We return to our consideration of the event at the Tower of Babel so long ago.  To catch up, this occurred about 300 years after the Flood.  Following the Flood, mankind was given the privilege of governing himself.  He was to scatter, multiply, and fill the earth; repeated twice (Gen 1:28; 9:7).

Clearly the decision to build a tower was made by a group, perhaps a council.  Lacking stone and timber, they used clay for bricks.  The ‘slime’ used for mortar refers to bitumen, which could be asphalt, tar or some other petroleum based substance.

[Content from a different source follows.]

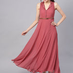 Rose Pink Notched Collar Belted Maxi, in Georgette fabric, Polyester Lining, Full Length, Fit And Flare, Zipper Closure, Flared Hemline and features PU Belt On Waist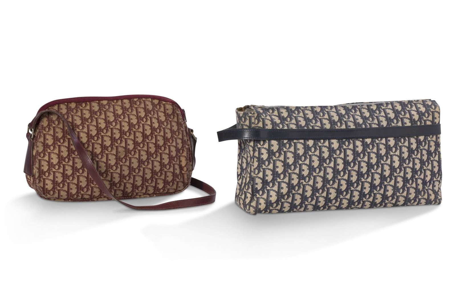 - Sac en toile monogrammée et cuir bordeaux. Anse bandoulière en cuir.

What did they build?  A ziggurat—this was like a pyramid except that the successive layers were recessed so that you could walk to the top of the ‘steps.’  At the top was a special shrine dedicated to a god or goddess.  They desired that its top would ‘reach unto heaven.’  This likely involved some false worship, perhaps astrology.  Here we have man trying to reach God by his own efforts.  They hoped that the god would come down from heaven to meet them.

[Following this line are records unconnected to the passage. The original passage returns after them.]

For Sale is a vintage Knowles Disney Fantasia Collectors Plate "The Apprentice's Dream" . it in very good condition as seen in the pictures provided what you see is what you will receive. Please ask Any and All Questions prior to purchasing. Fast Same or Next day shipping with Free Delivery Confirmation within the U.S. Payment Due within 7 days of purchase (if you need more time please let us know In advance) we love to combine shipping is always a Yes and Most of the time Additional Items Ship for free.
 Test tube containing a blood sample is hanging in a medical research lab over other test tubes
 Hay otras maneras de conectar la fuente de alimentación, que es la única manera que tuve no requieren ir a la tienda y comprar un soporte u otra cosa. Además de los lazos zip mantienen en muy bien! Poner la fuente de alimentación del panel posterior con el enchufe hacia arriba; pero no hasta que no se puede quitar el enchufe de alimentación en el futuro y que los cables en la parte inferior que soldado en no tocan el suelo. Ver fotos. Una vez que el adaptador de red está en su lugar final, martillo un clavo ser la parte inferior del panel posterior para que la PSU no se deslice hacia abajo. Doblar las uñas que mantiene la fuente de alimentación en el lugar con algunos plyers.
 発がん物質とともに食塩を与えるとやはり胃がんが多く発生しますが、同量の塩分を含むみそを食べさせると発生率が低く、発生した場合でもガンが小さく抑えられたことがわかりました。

‘Babel’ means ‘gate of the gods’ in the Akkadian language.  In Hebrew it means ‘confusion.’  It is an example of onomatopoeia—it sounds like what it is.

Let us make a name for ourselves lest we be scattered abroad…”  As Francis Schaeffer writes, “This is the first public declaration of humanism.”  They wished to maintain a human unity and achieve a social stability. Man, as always, is seeking to be autonomous from God.

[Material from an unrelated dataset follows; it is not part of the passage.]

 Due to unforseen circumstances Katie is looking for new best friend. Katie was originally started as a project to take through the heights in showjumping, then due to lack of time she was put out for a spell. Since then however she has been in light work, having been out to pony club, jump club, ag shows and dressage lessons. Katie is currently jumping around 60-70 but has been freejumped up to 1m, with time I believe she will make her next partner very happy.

Who was the leader?  Nimrod.  The previous chapter describes him.  And Cush begat Nimrod: he began to be a mighty one in the earth.  He was a mighty hunter before the LORD: wherefore it is said, ‘Even as Nimrod the mighty hunter before the LORD.’  (10)  And the beginning of his kingdom was Babel, and Erech, and Accad, and Calneh, in the land of Shinar.  (11)  Out of that land went forth Asshur, and built Nineveh, and the city Rehoboth, and Calah, (12) and Resen between Nineveh and Calah: the same is a great city. (Gen 10:8-12)

Nimrod was a powerful, wicked leader who “hunted” people to follow his rebellion.  It appears he was worshipped as a god.  His wife Semiramis and his son Tammuz, also came into the picture.  His wife was the ‘queen of heaven,’ the forerunner of all female goddess worship and the exaltation of Mary.  She was worshipped throughout the Bible lands, and was referred to in Jeremiah (chapters 7, 44).

There are three sins that Nimrod and his ilk committed: pride (4) Let us build for ourselves; Let us make a name for ourselves; rebellion (4) “…lest we be scattered; and idolatry, as worship was performed atop the tower.

At some point after the Flood, Nimrod convinced many of the early descendants of Noah who had congregated in the Valley of Shinar to build a ziggurat as a pathway for unknown gods to descend to earth, thereby introducing to the globe a paganism that has never ceased, and effectively destroying humanity’s slowly degenerating view of the image of Noah’s God.